やる気あるのかないのか、はっきりさせなさいよ!


ずいぶんご立腹ね。

そんなにあたしが手抜きをしているように見えるの?


とぼけんなよ。

こちとら、何度も何度も殺し合いをやってきてるんだよ。

相手の気構えくらいすぐ判る。このあたしをなめるんじゃない!


ああ、そう。

そりゃ悪かったわね。

まあ、考えようによっちゃ手抜きと言われても仕方ないからね。


ふざけやがって…!



分かった。

んじゃ、決着つけようかイララ。


================================


目指すのは、ホテル・マルニフト。

王立図書館の落成式に招待された、ゲストたちが泊まっている場所だ。


…どうしてまた、そんなところに?

いや、疑問に思うのは後でいい。

とにかく今は、その犯人がいるなら確保する。間違いなく天恵持ちだ。

油断せず臨む。

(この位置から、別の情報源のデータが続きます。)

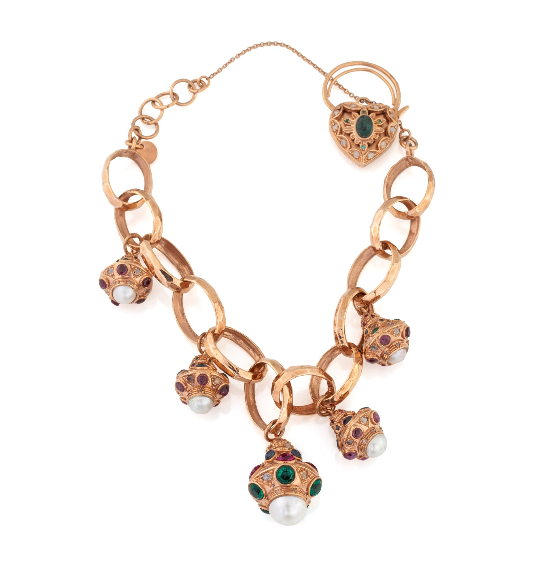 BRACCIALE CHARMS - in argento 925 rodiato rosa con 6 ciondoli impreziositi da mezze perle, rubini e zaffiri. Nel ciondolo centrale di maggior dimensione le pietre sono di sintesi, g 35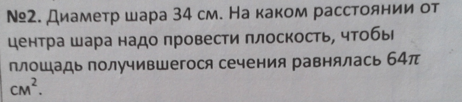 Получим прямоугольный треугольник с катетом, равным радиусу r сечения и гипотренузой, равной радиусу R шара.Он равен половине его диаметра =34:2=17 см

メンバーはあたしとシュリオ、それにドラーエ先輩。

騎士隊の中で見れば、かなり戦闘に特化している面子だ。


「…前の時は、誰の姿も見てないんだったよな?」

「そうです。」


ドラーエ先輩に答えつつ、あたしはあの時の状況を思い起こしていた。

ココノロ病院の新棟に、ゲイズの骸があった。先に警察が来てたけど、

お手上げ状態だった。話によると、動かす事が出来なかったらしい。

だけどあたしが到着した途端、その面倒な状況はあっさり瓦解した。

まるで、このあたしを待ってたかのように。


誰の意志かは判らない。でも多分、真っ向から敵対する相手じゃない。

状況から考えて、ロナモロス教団に与するような存在でもないはずだ。


今もなお、自問は続いている。

ゲイズを倒したのは、一体誰か。

そして今、予感めいたものがある。



きっとその答えが、目指す先にあるという予感が。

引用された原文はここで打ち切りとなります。